**REQUIRED ACTION**: Would you print the records below from the first line through the line containing "会社図鑑Incbirdでは、", skipping the pictures?

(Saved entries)
==================================================
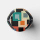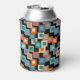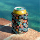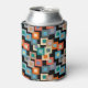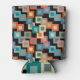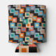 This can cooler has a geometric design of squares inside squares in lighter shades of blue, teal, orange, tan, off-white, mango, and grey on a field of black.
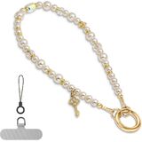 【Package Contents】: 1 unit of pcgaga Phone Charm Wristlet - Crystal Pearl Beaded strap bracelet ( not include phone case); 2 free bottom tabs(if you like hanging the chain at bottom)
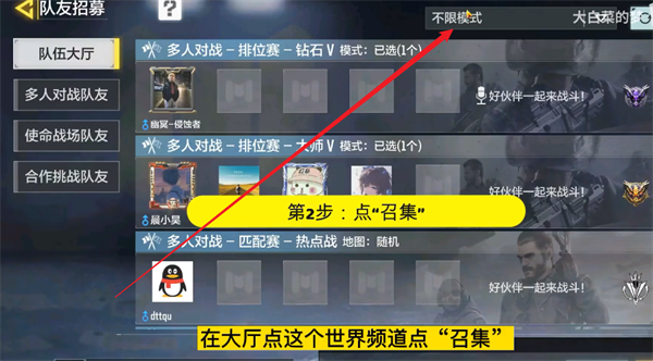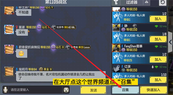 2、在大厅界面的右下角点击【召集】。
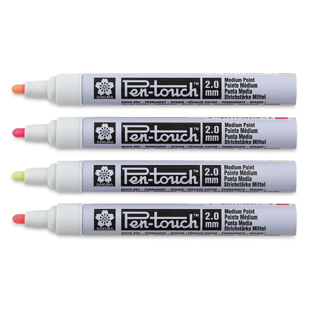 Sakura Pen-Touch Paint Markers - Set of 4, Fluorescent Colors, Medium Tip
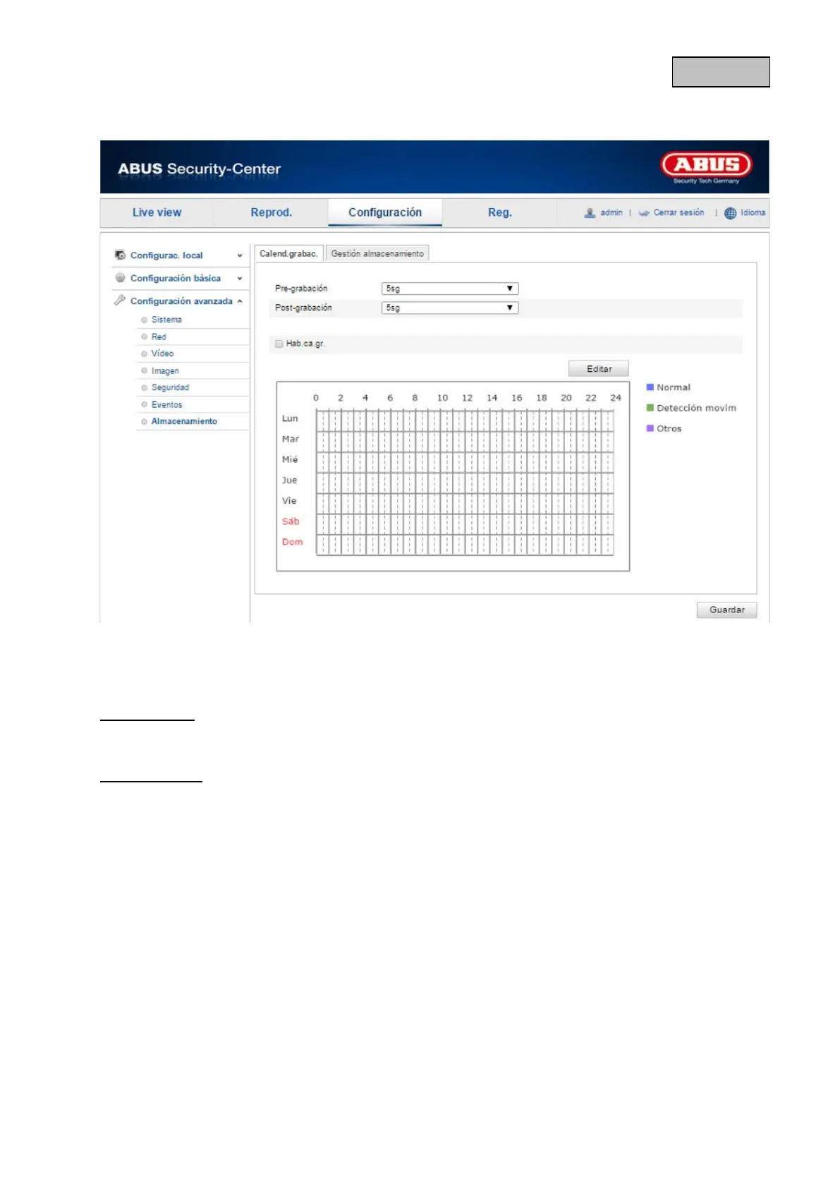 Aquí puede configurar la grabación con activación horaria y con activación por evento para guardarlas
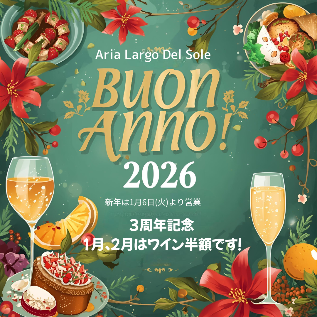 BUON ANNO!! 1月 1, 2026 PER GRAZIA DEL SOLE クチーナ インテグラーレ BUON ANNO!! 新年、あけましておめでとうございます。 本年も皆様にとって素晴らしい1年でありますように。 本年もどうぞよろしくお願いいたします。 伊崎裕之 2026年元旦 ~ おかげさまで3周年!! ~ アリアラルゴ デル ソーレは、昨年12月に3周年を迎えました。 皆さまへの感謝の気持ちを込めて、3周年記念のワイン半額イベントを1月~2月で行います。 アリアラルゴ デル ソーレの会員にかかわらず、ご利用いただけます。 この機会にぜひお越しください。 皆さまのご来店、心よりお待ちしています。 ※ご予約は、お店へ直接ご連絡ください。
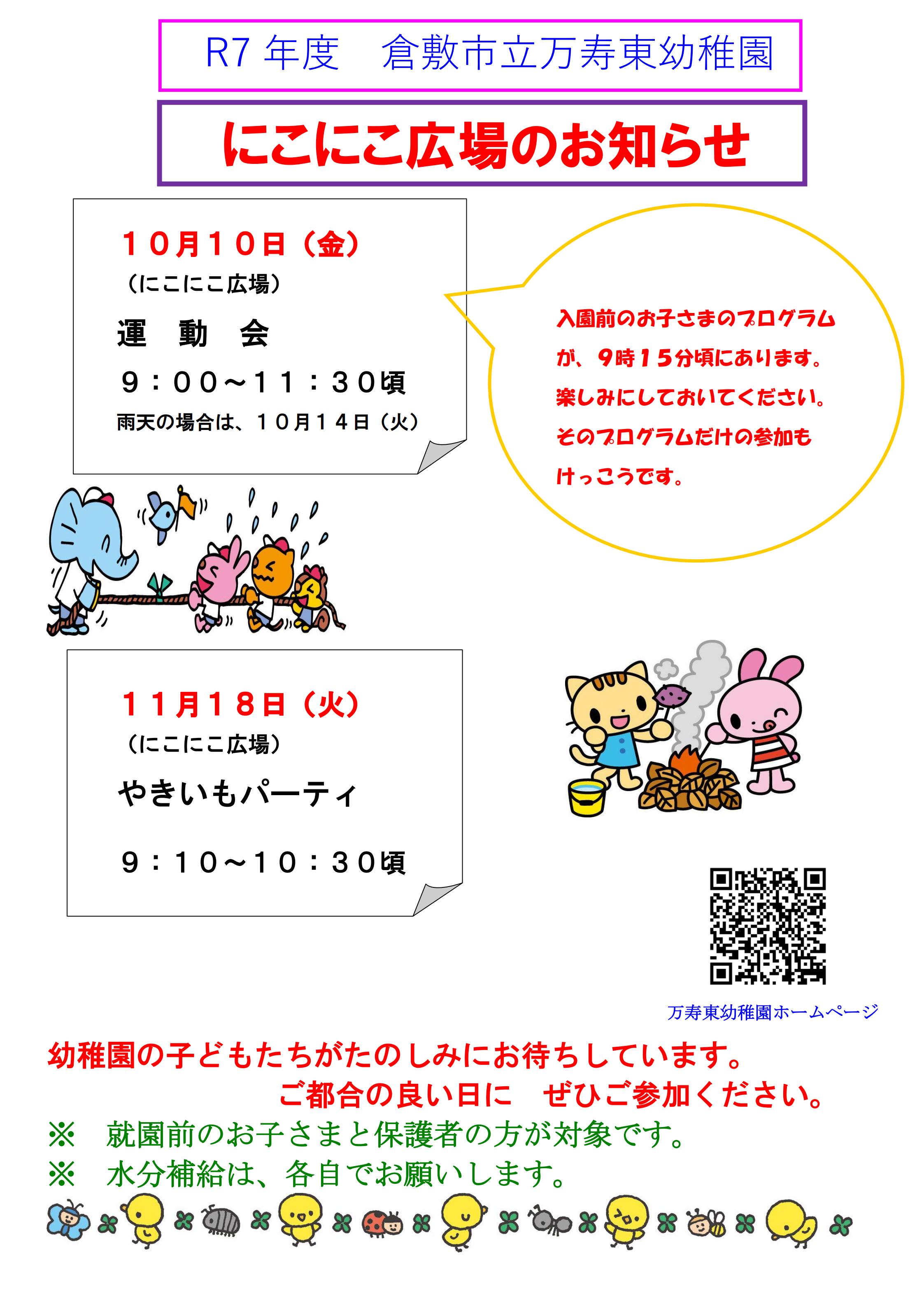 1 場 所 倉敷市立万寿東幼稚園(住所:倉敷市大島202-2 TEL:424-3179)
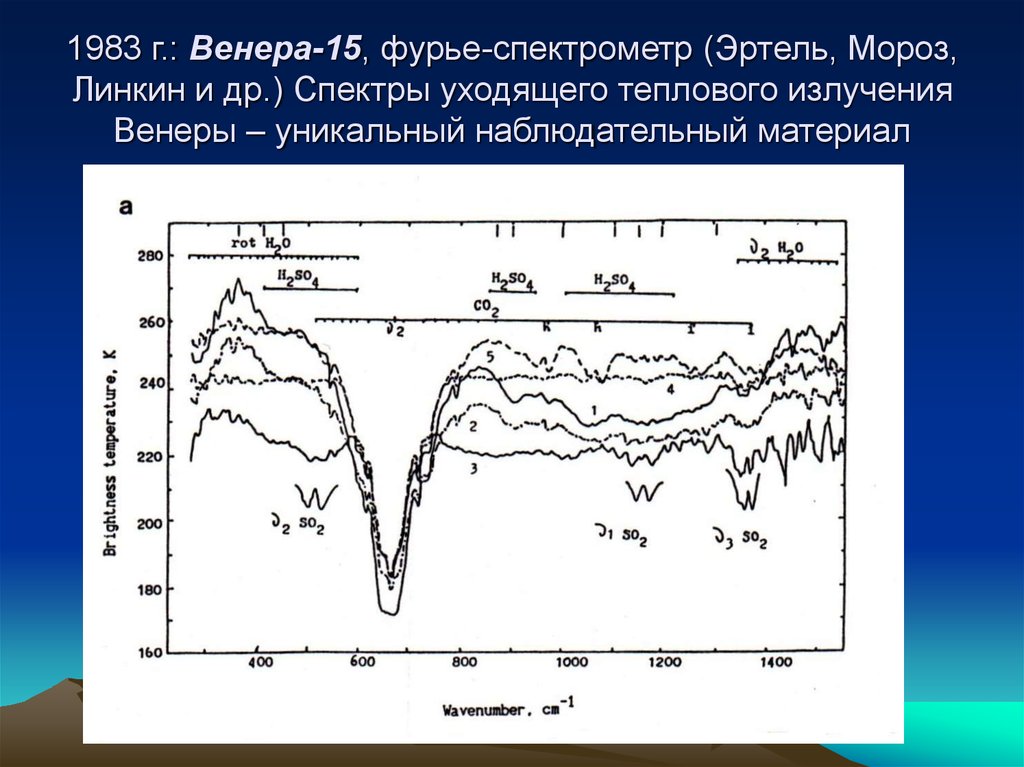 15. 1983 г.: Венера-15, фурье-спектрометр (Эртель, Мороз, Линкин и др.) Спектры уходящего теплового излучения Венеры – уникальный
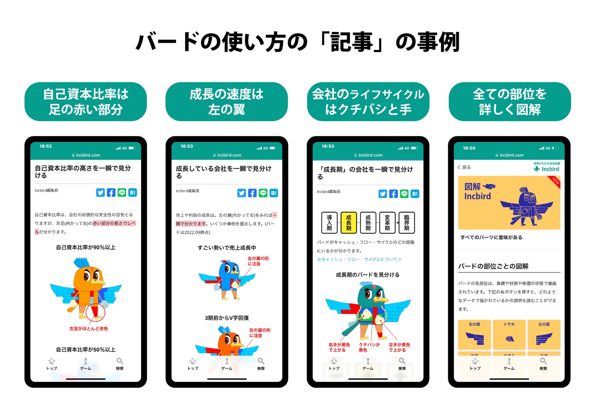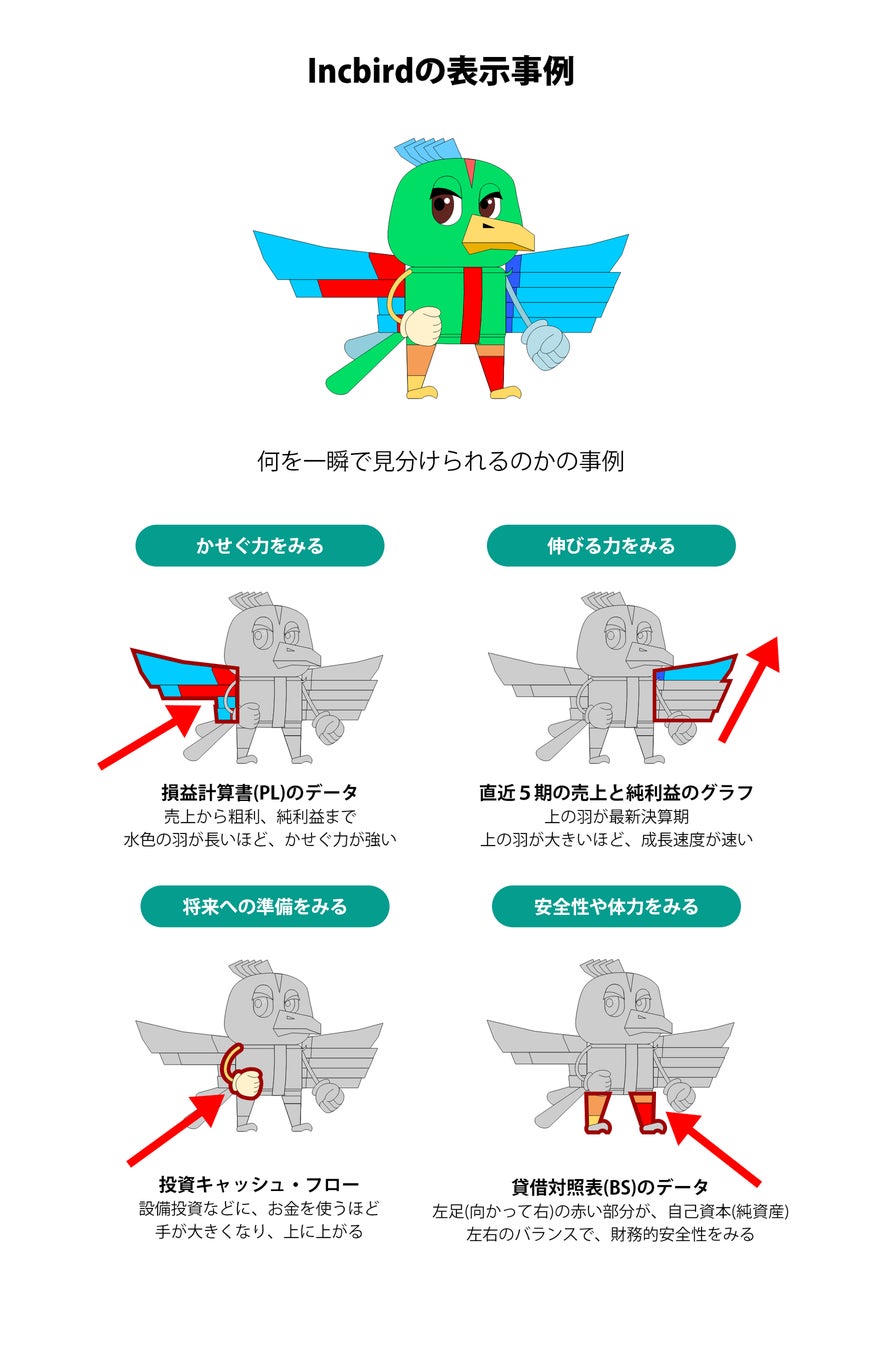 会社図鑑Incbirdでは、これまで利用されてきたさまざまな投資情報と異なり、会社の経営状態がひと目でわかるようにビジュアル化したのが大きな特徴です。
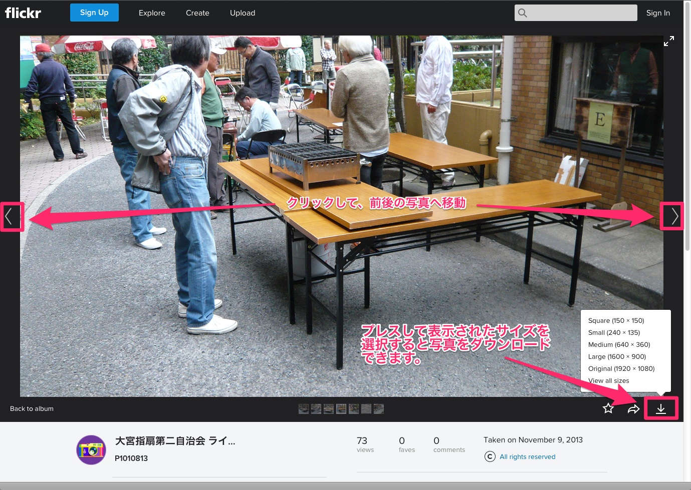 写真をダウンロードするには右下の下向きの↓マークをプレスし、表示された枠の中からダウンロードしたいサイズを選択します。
==================================================
**RESPONSE TO THE EXERCISE**:
 This can cooler has a geometric design of squares inside squares in lighter shades of blue, teal, orange, tan, off-white, mango, and grey on a field of black.
 【Package Contents】: 1 unit of pcgaga Phone Charm Wristlet - Crystal Pearl Beaded strap bracelet ( not include phone case); 2 free bottom tabs(if you like hanging the chain at bottom)
 2、在大厅界面的右下角点击【召集】。
 Sakura Pen-Touch Paint Markers - Set of 4, Fluorescent Colors, Medium Tip
 Aquí puede configurar la grabación con activación horaria y con activación por evento para guardarlas
 BUON ANNO!! 1月 1, 2026 PER GRAZIA DEL SOLE クチーナ インテグラーレ BUON ANNO!! 新年、あけましておめでとうございます。 本年も皆様にとって素晴らしい1年でありますように。 本年もどうぞよろしくお願いいたします。 伊崎裕之 2026年元旦 ~ おかげさまで3周年!! ~ アリアラルゴ デル ソーレは、昨年12月に3周年を迎えました。 皆さまへの感謝の気持ちを込めて、3周年記念のワイン半額イベントを1月~2月で行います。 アリアラルゴ デル ソーレの会員にかかわらず、ご利用いただけます。 この機会にぜひお越しください。 皆さまのご来店、心よりお待ちしています。 ※ご予約は、お店へ直接ご連絡ください。
 1 場 所 倉敷市立万寿東幼稚園(住所:倉敷市大島202-2 TEL:424-3179)
 15. 1983 г.: Венера-15, фурье-спектрометр (Эртель, Мороз, Линкин и др.) Спектры уходящего теплового излучения Венеры – уникальный
 会社図鑑Incbirdでは、これまで利用されてきたさまざまな投資情報と異なり、会社の経営状態がひと目でわかるようにビジュアル化したのが大きな特徴です。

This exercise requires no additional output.